As with the most recent previous iteration of the bill, which the Senate has just voted on this weekend, it appears that tax credits will remain in place for energy storage facilities. BloombergNEF analyst Isshu Kikuma had told Energy-Storage.news previously that the removal of ITCs would lead to “plummeting” installation rates in the US across the various clean energy technologies.

However, rules on material assistance from foreign entities of concern (FEOC) look set to be put in place across the board. Energy storage is the clean energy sector most dependent on importing materials and components from China, while rules pertaining to energy storage projects that benefit from assistance from prohibited foreign entities are particularly strict.     

Abigail Ross Hopper, president and CEO of the Solar Energy Industries Association (SEIA), noted in a LinkedIn post that the FEOC material assistance rules for 45Y and 48E tax credits would be applied retroactively to projects that began construction after 17 June this year.

Not only will the FEOC rules drastically limit the ability of developers to avail of tax credits for the very limited time left available, the draft also introduces a new excise tax on any projects that began construction after 16 June and use a certain threshold of FEOC materials.

As Hopper wrote on LinkedIn, the level of tax will equal half of the “facility’s manufactured product cost, multiplied by the amount of percentage points by which the non-FEOC content threshold exceeds the amount of FEOC content in the facility.”

‘If this bill passes, Americans will pay the price’

There is no limit to the number of revisions allowed on the legislation before it passes, leading some commentators to hope that Republican Senators who have publicly expressed concerns about the cuts to renewable energy policy support will take some form of action.

“This reconciliation bill proposal isn’t just misguided — it’s a direct attack on American energy, American workers, and American consumers. It guts the very industries that are lowering electricity bills, revitalising US manufacturing, and building more new power capacity than every other energy technology combined,” Hopper said in an official SEIA statement.
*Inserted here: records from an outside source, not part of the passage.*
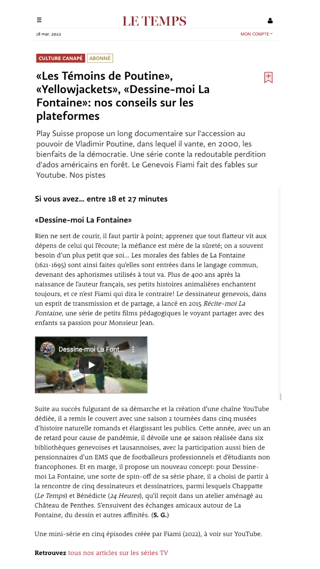 - Le Temps «Dessine-moi La Fontaine»: nos conseils sur les plateformes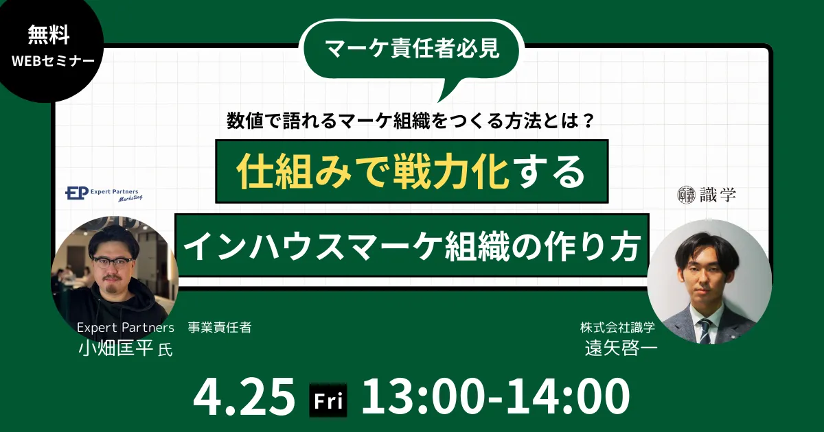 株式会社TWOSTONE&Sonsの100%子会社であるDigital Arrow Partnersが、株式会社識学と協力し、2025年の4月25日(金)に「インハウスマーケティング」に関するウェビナーを開催します。このオンラインセミナーは、13:00から14:00までの1時間にわたり、無料で参加可能です。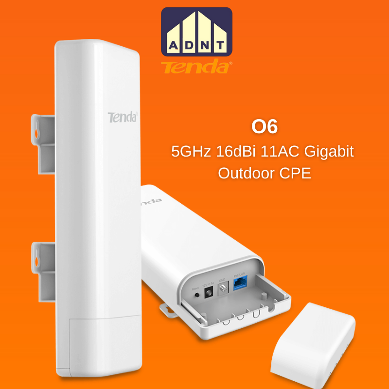 CPE Ngoài Trời 16 dBi Tần Số 5 GHz Tenda O6 Thiết kế ngoài trời chuyên nghiệp CPE Ngoài Trời 16 dBi Tần Số 5 GHz Tenda O6 được thiết kế để có thể hoạt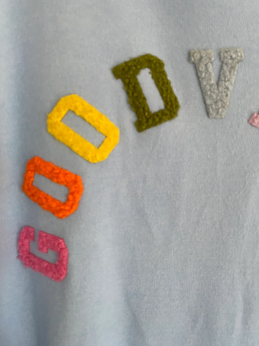 Gilet manches longues , se porte ouvert , avec inscriptions colorées au dos en pilou pilou .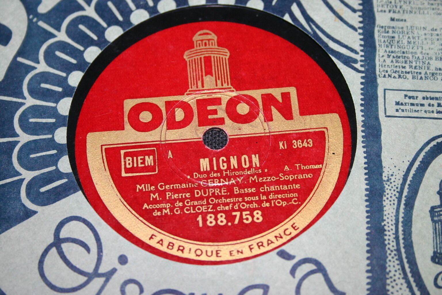 GERMAINE CERNAY / PIERRE DUPRE 78T MIGNON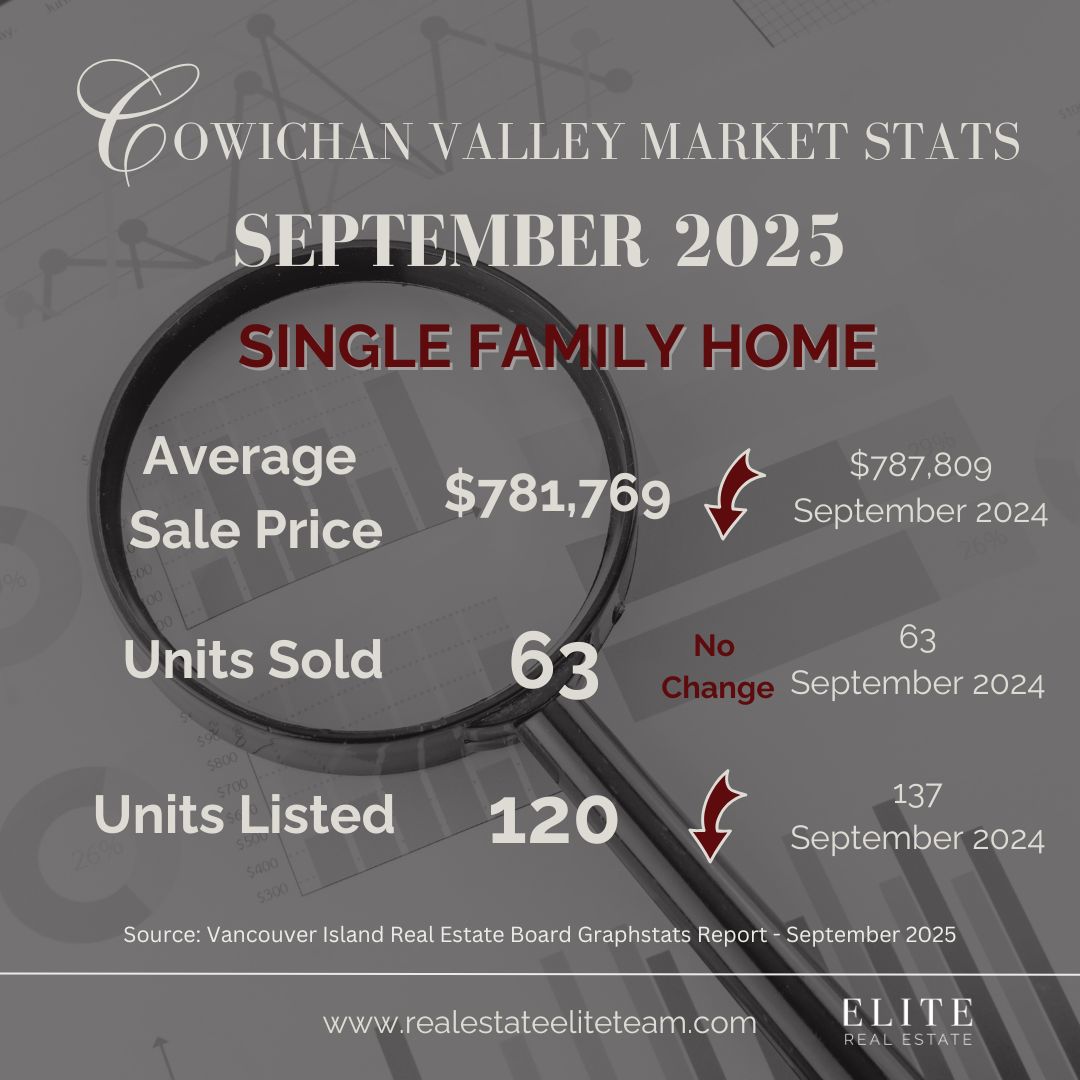 The Cowichan Valley benchmark price for a Single Family Home thru September 2025 was up four per cent over September 2024, currently at $804100, while the Vancouver Island Real Estate Board's board-wide benchmark dropped two percent, to $796,000. For a closer look at our stats for all types of real estate here in the Cowichan Valley, over the last 12 months to date: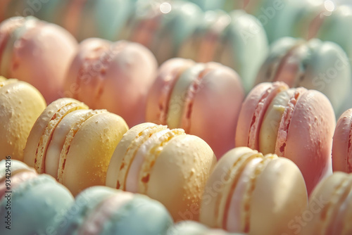 A row of colorful macarons with different flavors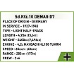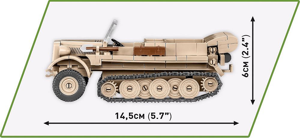 Ciągnik artyleryjski Sd.Kfz.10 został zaprojektowany z dbałością o szczegóły w modelarskiej skali 1:35 przy wykorzystaniu 290 elementów. Zawiera ruchome elementy oraz wysokiej jakości, trwałe nadruki. Zestaw doskonale uzupełnia rozwijającą się kolekcję klockowych, historycznych pojazdów wydawanych w skali 1:35. Z pewnością znajdzie miejsce w Twojej kolekcji obok ciężarówek Blitz, samochodów Horch i innych niesamowitych pojazdów wydanych w tej samej serii i skali przez COBI. W zestawie znajduje się figurka żołnierza Afrika Korps. Na pojeździe znajdują się dodatkowe akcesoria takie jak nowy rodzaj skrzynki oraz szpadel i łom.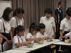 7月6日(月)、6年生がお茶(茶道)とお花(華道)の体験をしました。実際にお茶をたてたり、客人として友だちをもてなしたり、思いのまま花を生けたりしました。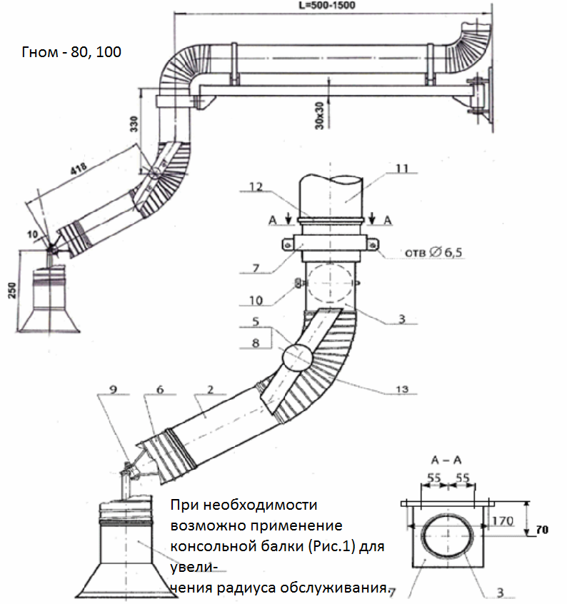 В тех случаях, когда радиуса обслуживания устройства Гном не достаточно можно использовать консоли марки «КГ-80» различной длины, что позволяет увеличить радиус обслуживания устройства до 2,1м. Выпускаются консоли длиной 0,5м («КГ-80-0,5»); 1,0м («КГ-80-1,0»); 1,5м («КГ-80-1,5»).
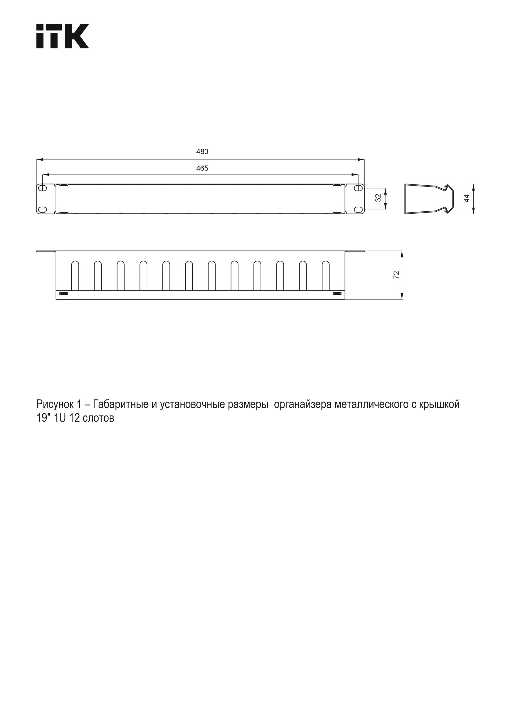 ITK Органайзер кабельный металлический с крышкой 19" 1U 12 слотов черный РФ

“Make no mistake: if this bill passes, Americans will pay the price — literally. Power bills will rise. Factory jobs will vanish. Families will be forced to spend more just to keep the lights on and their homes cool. All while we become more dependent on foreign energy and more vulnerable to blackouts.”

The American Clean Power Association (ACP), which represents companies in industries including solar PV, wind and energy storage, sounded a similar tone in a statement from CEO Jason Grumet.
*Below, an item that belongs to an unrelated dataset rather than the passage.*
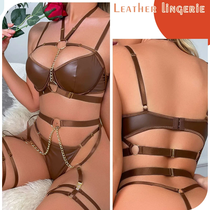 New Retro Leather Metal Chain Decoration Women'S High Quality Lingerie Sets Girls Wear Sexy Lingerie Butterfly Thong
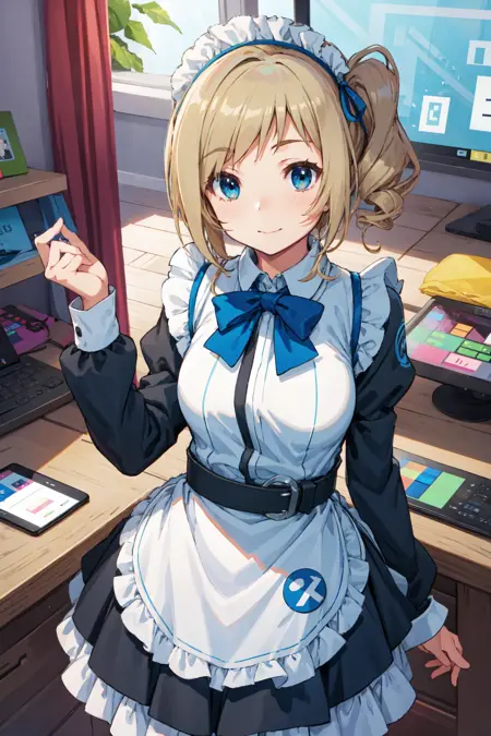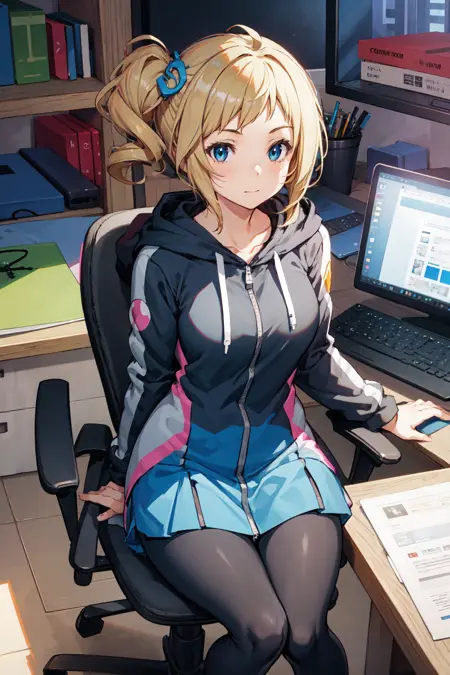 이노리의 기본 복장: 이노리 아이자와, 금발, 파란 눈, 측면 페이스 테일, 로고 헤어클립, 흰색 민소매 상의, 한쪽 팔 소매, 흰색 레깅스, 검은 신발, 검은 허리 밴드, 파란 치마

“With no warning, the Senate has proposed new language that would increase taxes on domestic energy production,” Grumet said after the draft was published on Friday night.

“In what can only be described as ‘midnight dumping,’ the Senate has proposed a punitive tax hike targeting the fastest-growing sectors of our energy industry. It is astounding that the Senate would intentionally raise prices on consumers rather than encouraging economic growth and addressing the affordability crisis facing American households,” Grumet said.

“These new taxes will strand hundreds of billions of dollars in current investments, threaten energy security, undermine growth in domestic manufacturing and land hardest on rural communities who would have been the greatest beneficiaries of clean energy investment.”

The ACP CEO urged Senate leadership to drop the tax hikes and “take the time to responsibly analyse the impacts of this new tax regime on American businesses and communities,” although it appears Republican Senators are eager to meet a 4 July deadline set by President Trump.